[Python-Dev] Dictionary sparseness

Tim Peters tim.one@comcast.net
Mon, 05 May 2003 13:40:18 -0400


[Jeremy Hylton]
> Have you seen the work on gray-box systems?
>
> http://www.cs.wisc.edu/graybox/
>
> The philosophy of this project seems to be "You can observe an awful lot
> just by watching."  (Apologies to Yogi.)  The approach is to learn how a
> particular service is implemented, e.g. what buffer-replacement
> algorithm is used, by observing its behavior.  Then write an application
> that exploits that knowledge to drive the system into optimized behavior
> for  the application.  No madvise() necessary.
>
> I wonder if the same can be done for dicts?  My first guess would be no,
> because the sparseness is a fixed policy.
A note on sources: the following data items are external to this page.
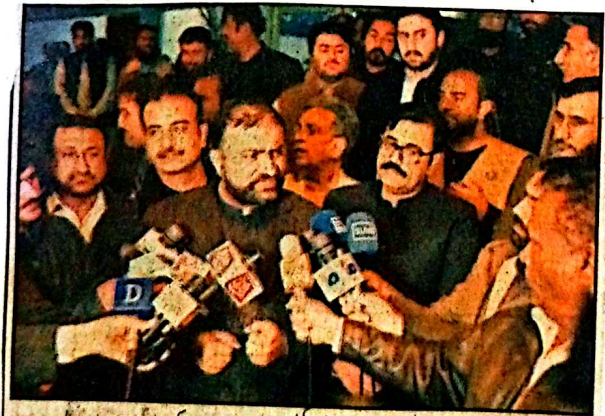
کوئٹہ، وزیر اعلیٰ بلوچستان میر سرفراز گل نے میڈیا سے بات چیت کر رہے ہیں

میں پولیس اور لیویز 2 سوازی فورس کب تک جیس کی آج نہیں تو کل نہیں لیویز کے حوالے سے فیصلہ کرنا ہوگا ان خیالات کا اظہار انہوں نے آسٹی اجلاس کے بعد میڈیا کے نمائندوں سے بات چیت کرتے ہوئے کیا۔ اس موقع پر صوبائی وزراء حاجی محمد خان لہڑی، میر برکت رندرن کن صوبائی آسٹی ملک محمد خان باڈی، نرگ خان مندوئل سمیت دیگر بھی موجود تھے۔ وزیر اعلیٰ بلوچستان سرفراز گل نے کہا کہ بلوچستان میں پولیس اور لیویز دو سوازی فورسز تک نہیں آج تک پولیس اور لیویز کے حوالے سے صورتحال کو مد نظر رکھتے ہوئے فیصلہ کرنا ہوگا ایک سوال کے جواب میں انہوں نے کہا کہ احتجاج کرنے والوں کو ایک موقع بات چیت کرنے کا دینے ہیں اور ہم قانون کے مطابق اختیارات کو استعمال کرنا چاہتے ہیں لیکن احتجاج کرنے والوں کو قوی ثابت رہوں برسر کرنے والوں اور زمینوں کیلئے مشکلات پیدا کرنے کی بجائے ان کی مشکلات کو دیکھنا چاہئے۔
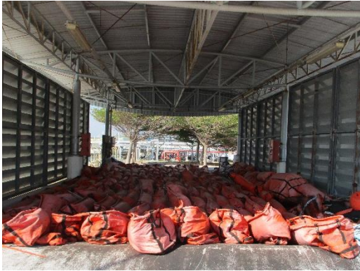
Rapid deploy boom
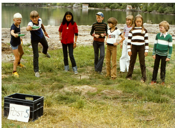
Ulike typar sporløp har alltid vore ein slager på leir!
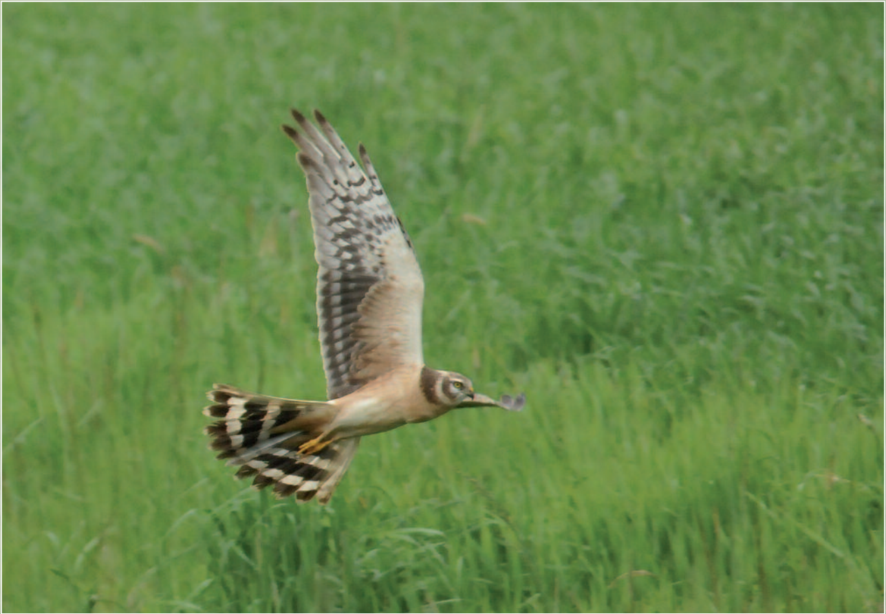
BUZARD PÂLE - SAINT-MAURICE-EN-RIVIÈRE (71) - 8 MAI 2013.
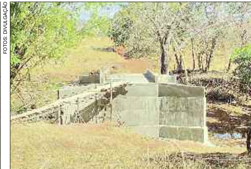
Mais cinco pontes estão em fase final de construção e serão entregues
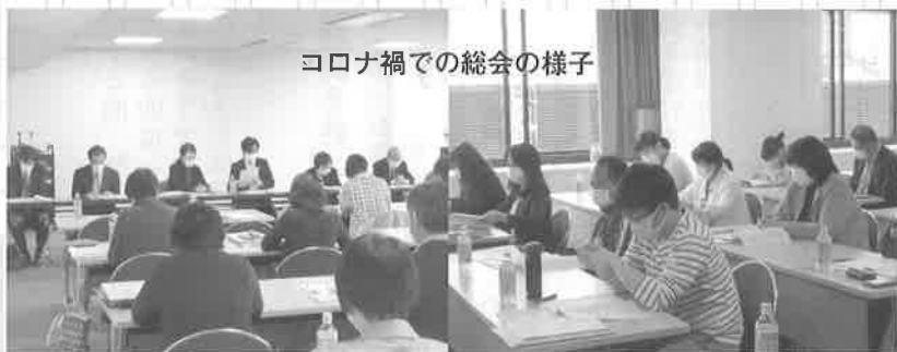
コロナ禍での総会の様子

東京五輪2020の開催が一年延期となりました。私事ですが、延期にならないければ昨年は、アスリートたちの活躍をスタジアムで観戦するはずでした。残念ながら今年はテレビの前での応援となりました。そして、五輪開催延期の原因となった新型コロナウイルスの感染は衰えを見せず、また、自然災害も毎年のように日本列島を襲い、甚大な被害をもたらしています。私たちに与えられた試練の時なのでしょう。今こそ日本人の、我々の底力を一つに。と、祈らずにはいられません。県連も令和二年度がスタートしました。感染予防対策をして演奏会を開催する合唱団も徐々に増えてきました。広報部ではフレッシュなメンバーを迎え、皆様の合唱に懸ける熱い想い、感動をお届けできればと思っています。皆様のご意見をお待ちしています。今年度もご協力の程よろしくお願ひいたします。
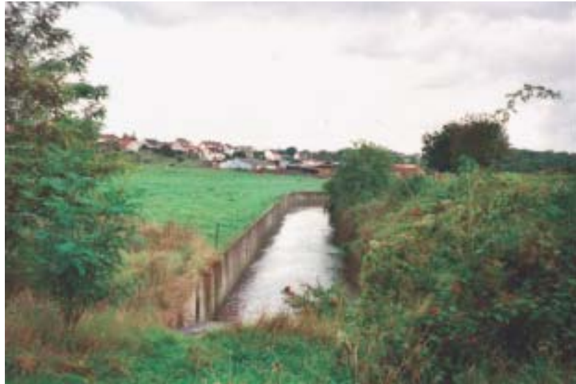
Le Petit Rosne à Sarcelles (95).

En effet, il n'y a pas d'un côté des sites préservés, où la grande structure décrite ci-dessus serait encore lisible, et de l'autre des sites dégradés, où elle serait effacée. L'opposition se situe davantage entre d'une part la stabilité de la «grande structure» – le socle per-
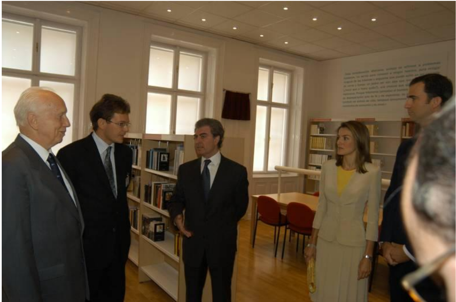
Inauguración de la Biblioteca . Año 2005
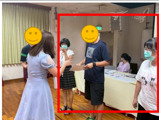
說明：學習扶助績優教師頒獎
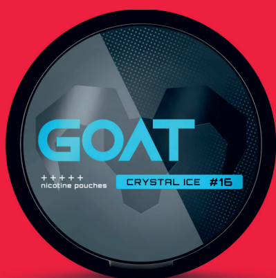
23519000 GOAT Crystal Ice #16 Chladivý mentol
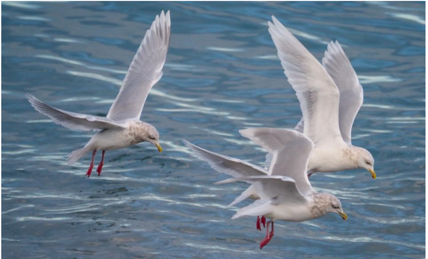
Baffinmåge, adult (til venstre) sammen med adulte hvidvingede måger, Island, januar 2017. Bemærk de distinkte sortgrå tegninger i de yderste håndsvingfjer. Denne karakter varierer meget hos adulte baffinmåger.

Adulte fugle er nemme at bestemme. Baffinmåger ligner hvidvingede måger, men de har sorte eller sortgrå tegninger i håndsvingfjerene i stærkt varierende grad og udseende. Adulte hvidvingede måger må ikke have nogen sorte eller sortgrå tegninger overhovedet. I felten kan det være svært at se på flyvende fugle (på fugle med små mørke tegninger), men det er nemt at se på fotos.
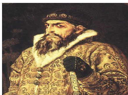
Ilustración 2 Dinastía Rurik, Iván el Terrible
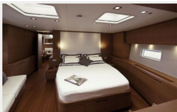
SW100 RS Cape Arrow | Owner Cabin
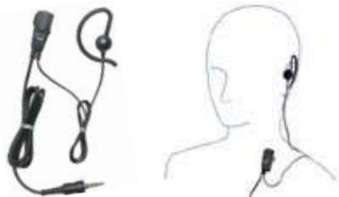
MH-381A4B 小型タイプピンマイク (耳かけイヤホンタイプ) 本体価格3,800円 (税抜)
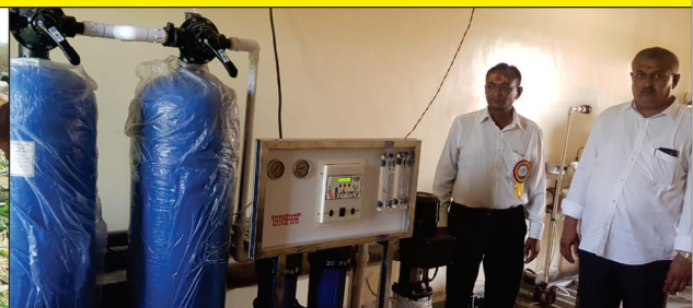
નારણપર શ્રી સ્વામિનારાયણ ગુરુકુલમાં આરોપ્તાન મશીન અર્પણ કરતા સ્વજીભાઈ
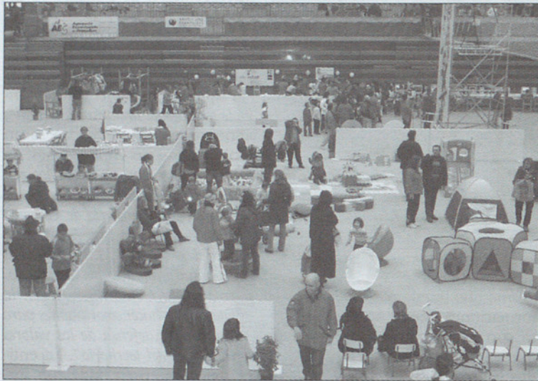
Aspecto de la pista central el pasado martes a media mañana.
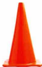
CONO DE SEGURIDAD
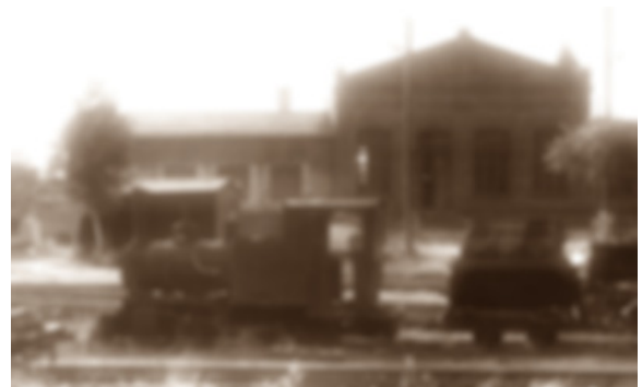
GoPr-005 B-n2t-Feldbahnlok im Bbf Pretzien 1969 (HR).tif
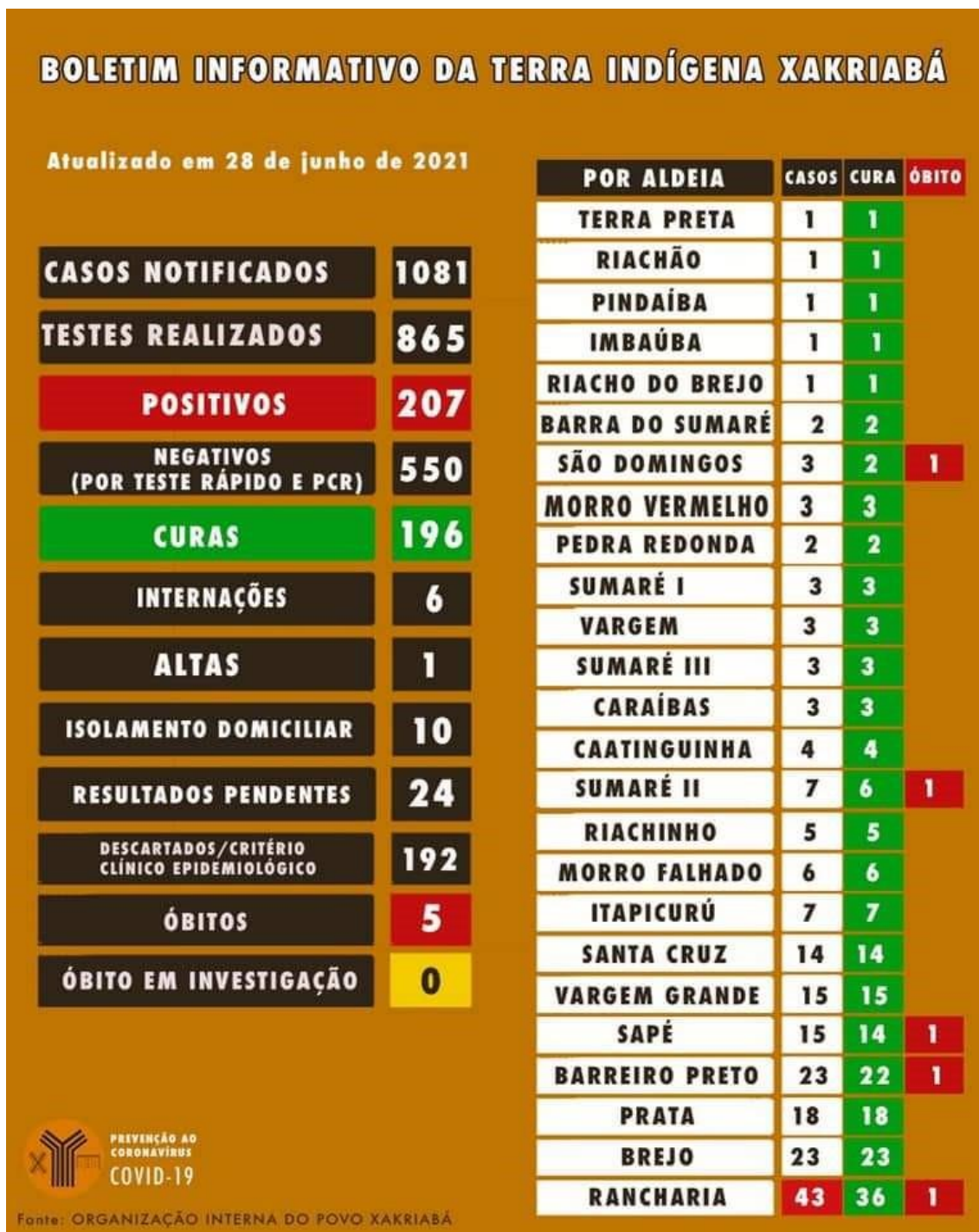
Figura 16: Boletim informativo da Terra Indígena Xakriabá – Fonte: Organização Interna do Povo Xakriabá. Atualização em 28 de junho de 2021.

Well, a dict suffers damaging collisions or it doesn't.  If it does, the
best thing a user can do is rebuild the dict from scratch, inserting keys by
decreasing order of access frequency.  Then the most frequently accessed
keys come earliest in their collision chains.  Collisions simply don't
matter for rarely referenced keys.  (And, for example, if there *are* any
truly damaging collisions in __builtin__.__dict__, I expect this gimmick
would remove the damage.)  The size of the dict can be forced larger by
inserting artificial keys, if a user is insane <wink>.  It's always been
possible to eliminate dummy entries by doing "dict = dict.copy()".  Note
that because Python exposes the hash function used by dicts, you can write a
faithful low-level dict emulator in Python, and deduce what effects a
sequence of dict inserts and deletes will have.  So, overall, I expect
there's more you *could* do to speed dict access (in the handful of bad
cases it's not already good enough) yourself than Python could do for you.
You'd have to be nuts, though -- or writing papers on gray-box systems.